Problem statement => In the records that follow, find the line containing "Kinney & Levan's" and the line containing "縣長徐榛蔚關心「陽光電城設施", then transcribe both and every line between them exactly, omitting pictures.

Listed entries =>
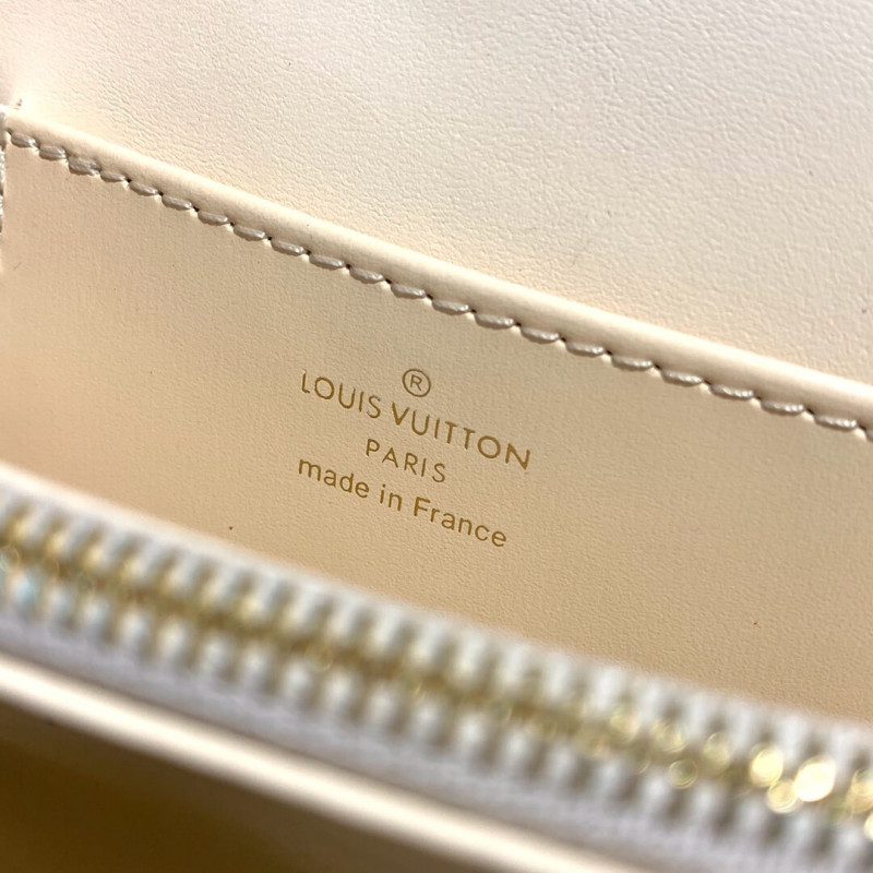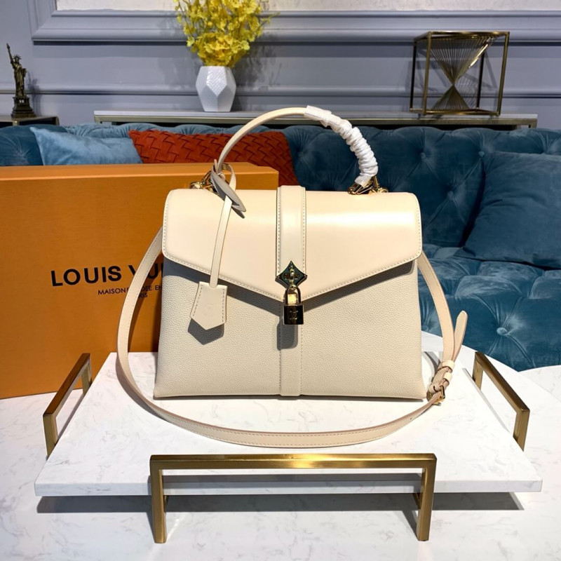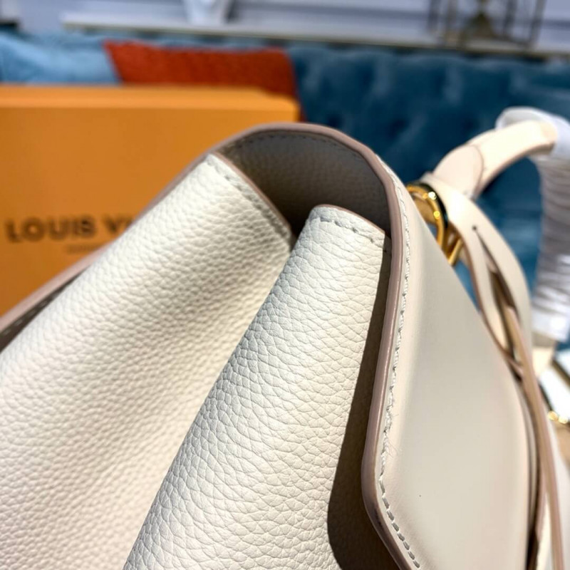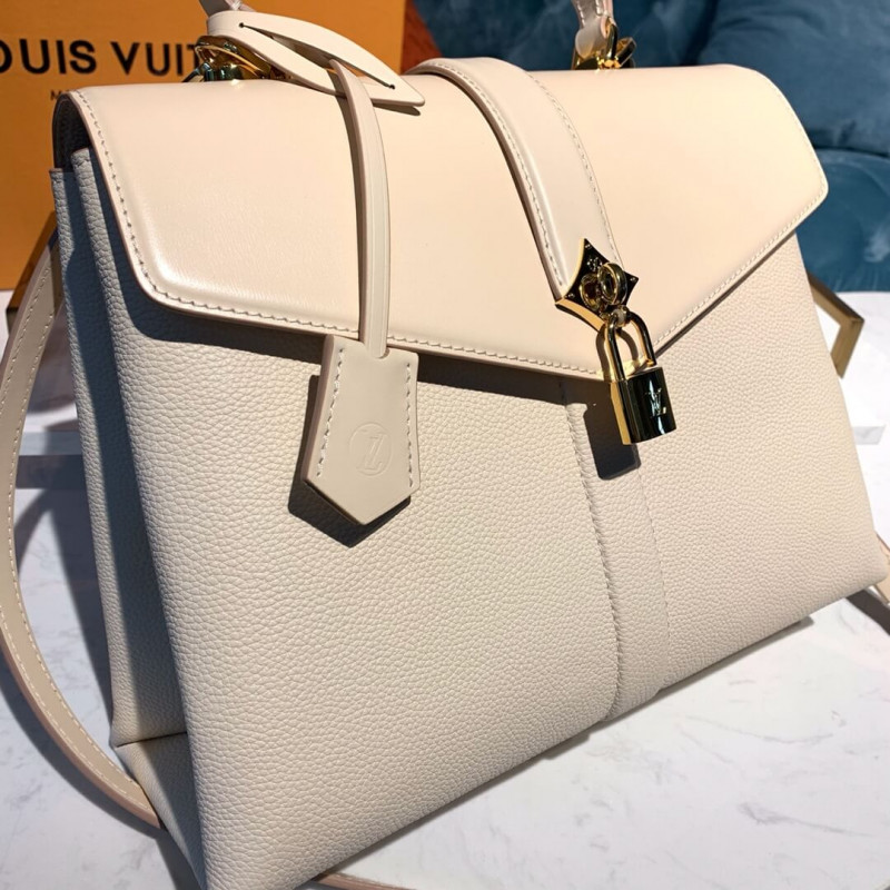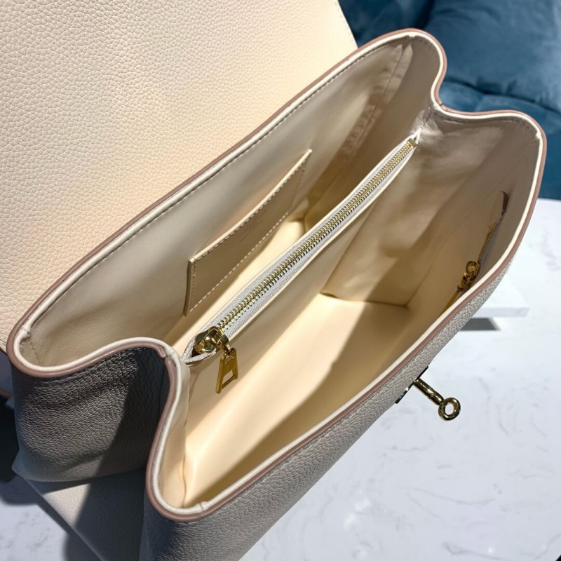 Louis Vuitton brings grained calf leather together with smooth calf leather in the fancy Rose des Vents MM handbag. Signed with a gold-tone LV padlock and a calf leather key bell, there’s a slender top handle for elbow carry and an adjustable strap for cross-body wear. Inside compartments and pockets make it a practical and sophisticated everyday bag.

* * *

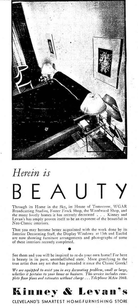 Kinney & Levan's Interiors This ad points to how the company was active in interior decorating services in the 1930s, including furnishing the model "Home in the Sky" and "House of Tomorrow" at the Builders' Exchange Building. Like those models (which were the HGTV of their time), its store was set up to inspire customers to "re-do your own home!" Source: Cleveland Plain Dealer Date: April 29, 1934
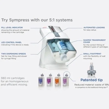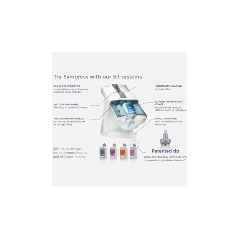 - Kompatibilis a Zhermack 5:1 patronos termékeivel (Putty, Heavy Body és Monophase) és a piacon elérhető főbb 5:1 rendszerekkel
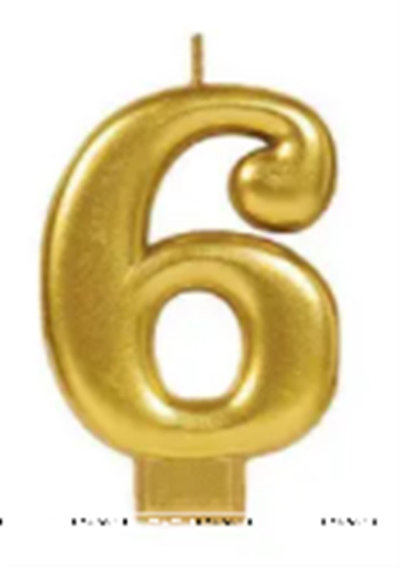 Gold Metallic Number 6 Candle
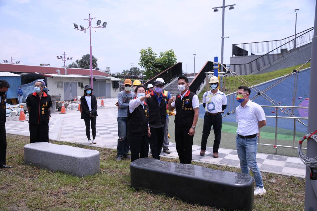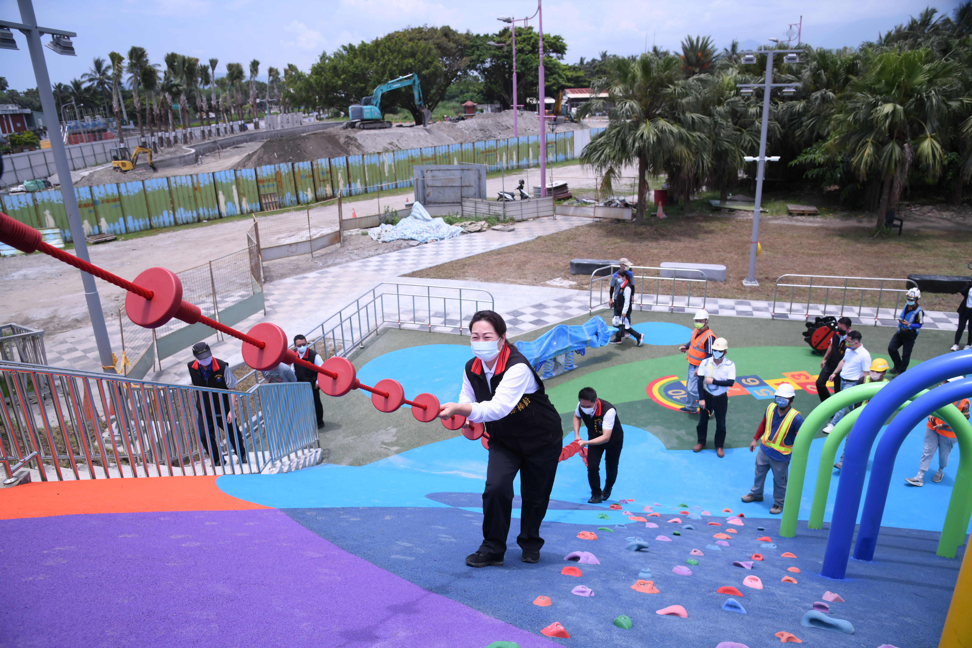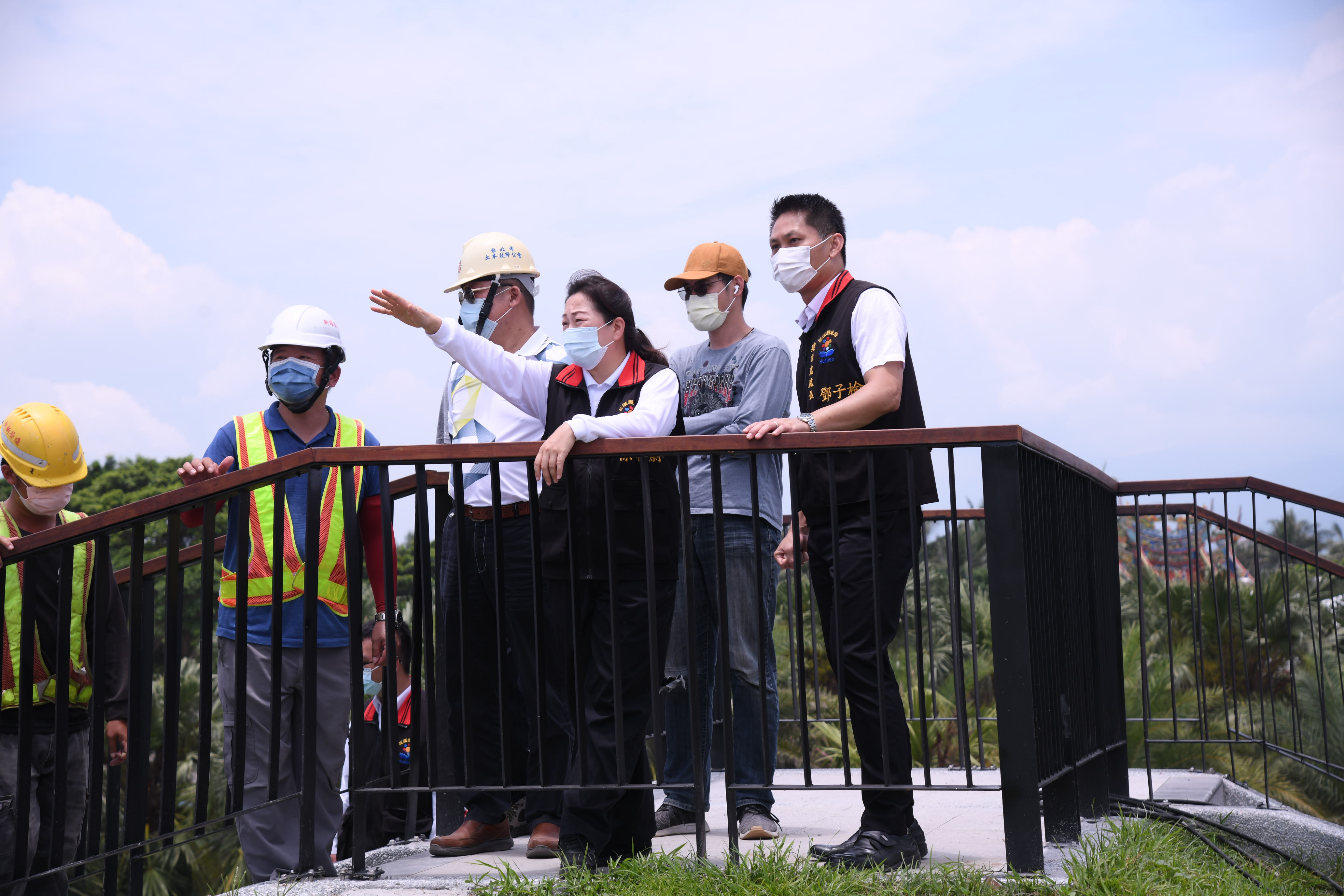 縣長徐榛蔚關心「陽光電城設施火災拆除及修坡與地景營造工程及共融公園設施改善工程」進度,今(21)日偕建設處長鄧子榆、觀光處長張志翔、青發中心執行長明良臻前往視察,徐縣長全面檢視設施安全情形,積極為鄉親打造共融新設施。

Written response =>
 Kinney & Levan's Interiors This ad points to how the company was active in interior decorating services in the 1930s, including furnishing the model "Home in the Sky" and "House of Tomorrow" at the Builders' Exchange Building. Like those models (which were the HGTV of their time), its store was set up to inspire customers to "re-do your own home!" Source: Cleveland Plain Dealer Date: April 29, 1934
 - Kompatibilis a Zhermack 5:1 patronos termékeivel (Putty, Heavy Body és Monophase) és a piacon elérhető főbb 5:1 rendszerekkel
 Gold Metallic Number 6 Candle
 縣長徐榛蔚關心「陽光電城設施火災拆除及修坡與地景營造工程及共融公園設施改善工程」進度,今(21)日偕建設處長鄧子榆、觀光處長張志翔、青發中心執行長明良臻前往視察,徐縣長全面檢視設施安全情形,積極為鄉親打造共融新設施。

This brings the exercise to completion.